I also had actual experience with having to go to a new school that I never wanted to attend. In my case, however, the school didn’t close, the sale of my family’s house did.

In the fall of my fourth-grade year, my family moved from the Chicago area to the Valley.

Not only was my school completely different (Palm trees? Classroom doors that open directly to the outdoors? And we have P.E. outside?), the entire city was.

At least for me, I wasn’t going to be regularly reminded of my old school whenever the family car went past it. Over time, it faded into my young memory, although I will never forget my kindergarten teacher, a nurturing educator named Esther Kershenbaum, for her patience and care with me.

Still, unlike many kids at Jordan, my best friend in the fourth grade wasn’t coming to my new school in Arizona with me. A husky, happy, easy-going boy who was the oldest of eight children, his name was Patrick Volpe. Pat and I stayed in touch by letter and phone for some years, but ultimately, time moved us forward and in different directions.

Like any school-closure vote, the one involving Jordan Elementary was certainly not easy for the school board. In my career I covered many school board meetings and found no other reason but altruism for anyone wanting to be a board member.

There’s no pay. The major decisions you must make are usually made in front of throngs of unhappy people, about half of which are going to dislike you and feel you don’t care about children.

I salute school board members, even those whom I observed making some strange decisions unrelated to school closings. While a parent cares about his or her children, school board members have to make choices on behalf of everyone’s, something most parents not only wouldn’t want to do, put into those chairs behind the dais they probably couldn’t. That goes for a lot of non-parents like me, too.
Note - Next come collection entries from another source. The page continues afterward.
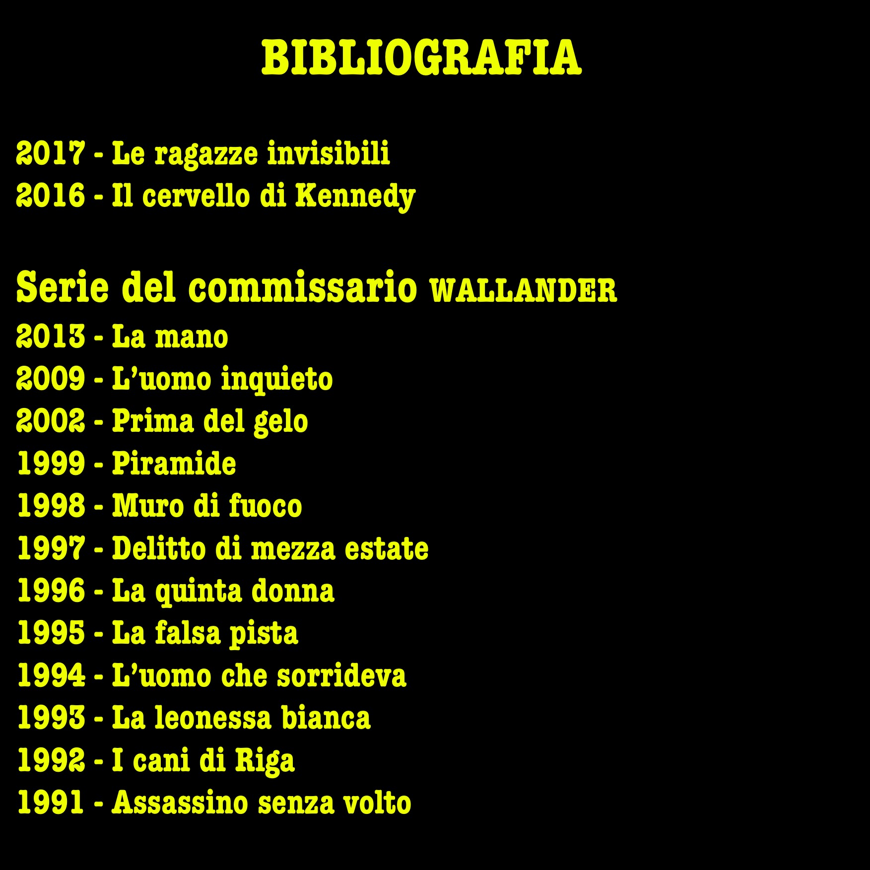 È  tra gli scrittori svedesi più tradotti al mondo: una trentina di libri per oltre 40 milioni di copie vendute in 40 lingue. Lo conosciamo soprattutto per la serie del commissario Wallander, indimenticabile figura della moderna crime fiction, un antieroe tormentato alle soglie della pensione, malato di diabete, con un carattere ruvido e disincantato ma al tempo stesso assetato di giustizia. Wallander è stato anche protagonista di tre serie tv, due svedesi e una anglo svedese, in quest’ultima è stato interpretato da Kenneth Branagh.
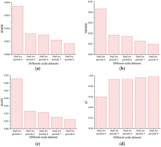 Prediction performance in different scale datasets: (a) RMSE, (b) NRMSE, (c) MAPE, (d) R2.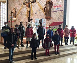 También los niños de primera comunión hicieron con la actividad de catequesis un belén de papel que llevaron a la iglesia y le presentaron ante el misterio que allí había.
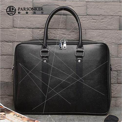 📚 Men leather handbag double zipper cowhide fashion bag busine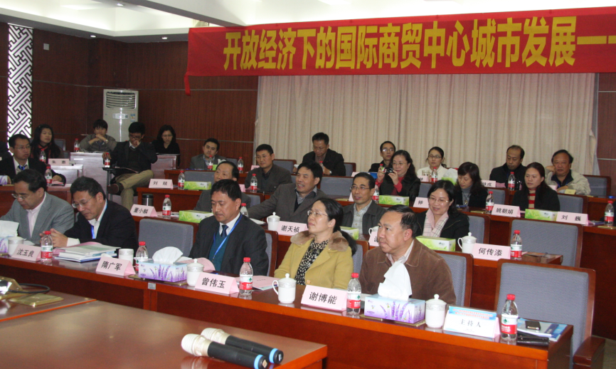 报告会现场 我校党委书记隋广军开放经济下国际商贸中心城市如何发展是一个重要的现实命题,期望会议的讨论和成果不仅限于学术交流,而是更加突出学术研究成果服务于社会,服务于地方经济发展,为广州新型城市化发展作出贡献。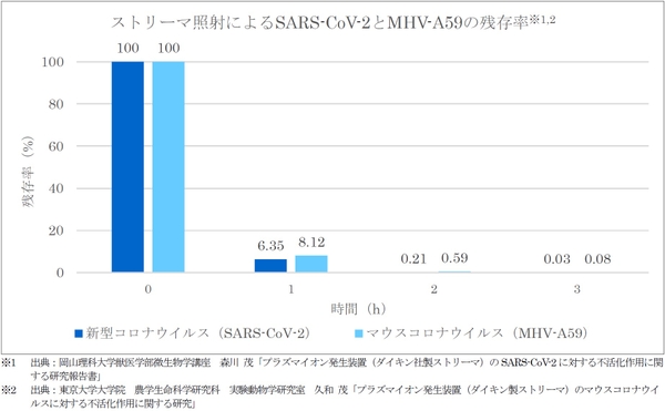 ストリーマを1時間照射することにより新型コロナウイルスは93.6%、マウスコロナウイルスは91.8%不活化された。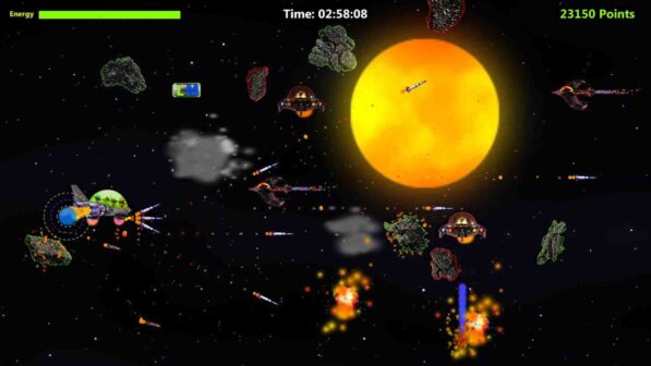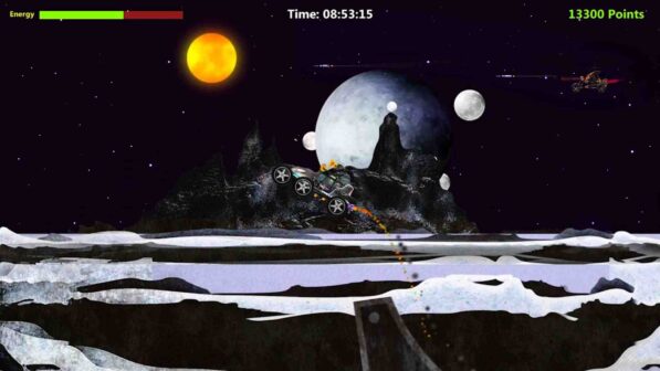 Combat missions against UFOs and alien fighters. Dodge the asteroids with red lines and push the ones with green lines. Rescue, search, mazes, balance and skill. Shoot and bomb. Its power, speed and jump vary depending on the planet we are on and its gravity. Destroy the enemy bikes, complete the mission before the timer reaches zero, run. Its functionality is very very fun.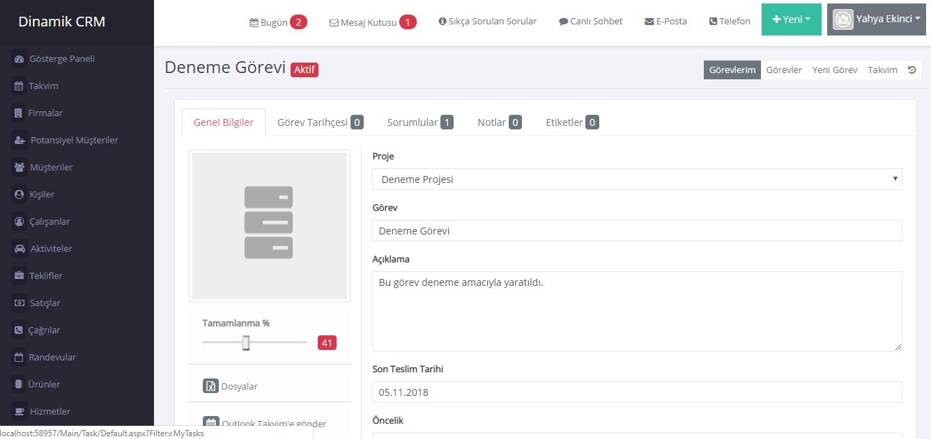Yeni müşteri kazanımı, mevcut müşterileri elde tutma ve kurumsal hafıza eksikliği gibi sorunları ortadan kaldırmak için geliştirilen DinamikCRM, bu sorunları dinamik form yönetimi, hatırlatma servisleri ve firma, kişi ve iletişim yönetimleri ile ortadan kaldırmayı hedefliyor.

The recession and the changing nature of families have taken its toll on schools in Mesa, like many cities in the East Valley and throughout the metropolitan area. When I was a boy words such as “choice” in education didn’t exist. A tiny percentage of kids went to parochial or private schools, but for most of us middle-class kids, public schools were where everyone was simply expected to go.
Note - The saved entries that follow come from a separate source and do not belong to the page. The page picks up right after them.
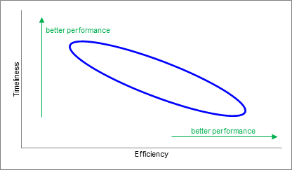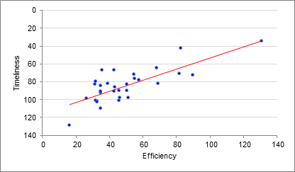 Another example: in October I analysed the performance of 31 Sydney councils in processing development applications (DAs) comparing their timeliness with their efficiency. Without looking at the data, you would have expected a trade-off between timeliness and efficiency: that the fastest councils 'bought' their timeliness at the expense of efficiency by putting on more staff to churn through the DAs. Plotting this graphically you would expect to see a pattern where better timeliness was associated with worse efficiency, and vice versa, like this: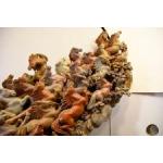 A unique very large finely detailed Chinese hand carved soapstone carving of 40 galloping horses. Condition vey good. Origin Fujian Province Circa 1980. H: 152cm W: 73cm D: 45cm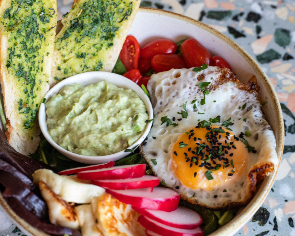 liście szpinaku, grillowane halloumi, jajko sadzone, plastry awokado oraz buraka, pomidorki koktajlowe, rzodkiewka, 2 grzanki z masłem czosnkowym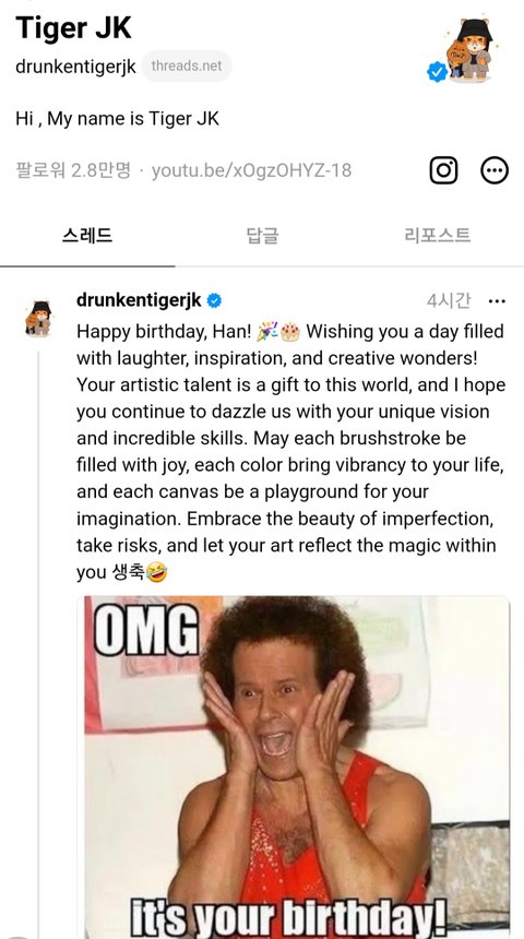 타이거 형님이 한이 생일축하해주셨어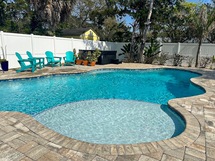 Bwawa la Kuogelea lenye Joto/Beseni la Kuogelea lenye Joto maili 1 hadi katikati ya jiji/ufukweni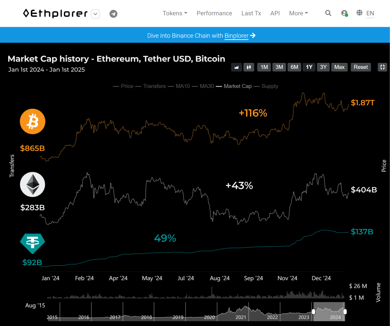 Ethereumâs performance wasnât as dramatic, but it made significant strides in scalability and efficiency. Its price climbed from $2,352 to $3,353 (+42%), with its market cap reaching $404 billion (+43%). Trading volume surged 162%, driven by major upgrades like Dencun and EIP-4844, which reduced transaction costs and improved throughput. The expansion of Layer-2 solutions further eased congestion, reinforcing Ethereumâs role as the backbone of decentralized applications.

But today, with new emphasis on accountability in education, more choices exist, including something virtually unheard of in my youth, home-schooling, as well as using open-enrollment policies to enroll children in a different public school than the one closest to their homes.
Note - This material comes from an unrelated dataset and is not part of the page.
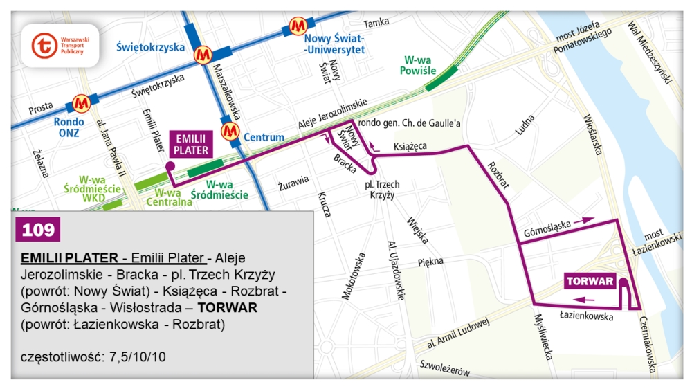 109: EMILII PLATER – Emilii Plater – Aleje Jerozolimskie – Bracka – pl. Trzech Krzyży (powrót: Nowy Świat) – Książęca – Rozbrat – Górnośląska – Wisłostrada – TORWAR (powrót: Łazienkowska – Rozbrat).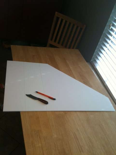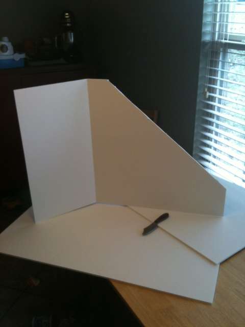 The first thing that I did was make the box part out of 3 sheets of foam board (aka poster board). I didn't have any measurements so I just laid it out using my phone as a length of measure so that both sides would be the same and I used the foam board as a straight edge.

For whatever reason — and I believe far too many criticisms of public education are unjustified — parents are putting their children where they believe they will do best. That sometimes means something other than the neighborhood public school.

When you’re a boy or girl, it’s difficult to understand concepts such as educational choice, recession-based migration out of the East Valley, and the like. All you know is that your school will be closed, and you’ll be going to another one that’s farther away that may not have all the same kids in it.

It’s a time for parents to do what they’re called upon to do, calm fears and explain things in a way that makes children feel better and even look forward to the new experience.

Come to think of it, maybe it’s something I envy about parents after all.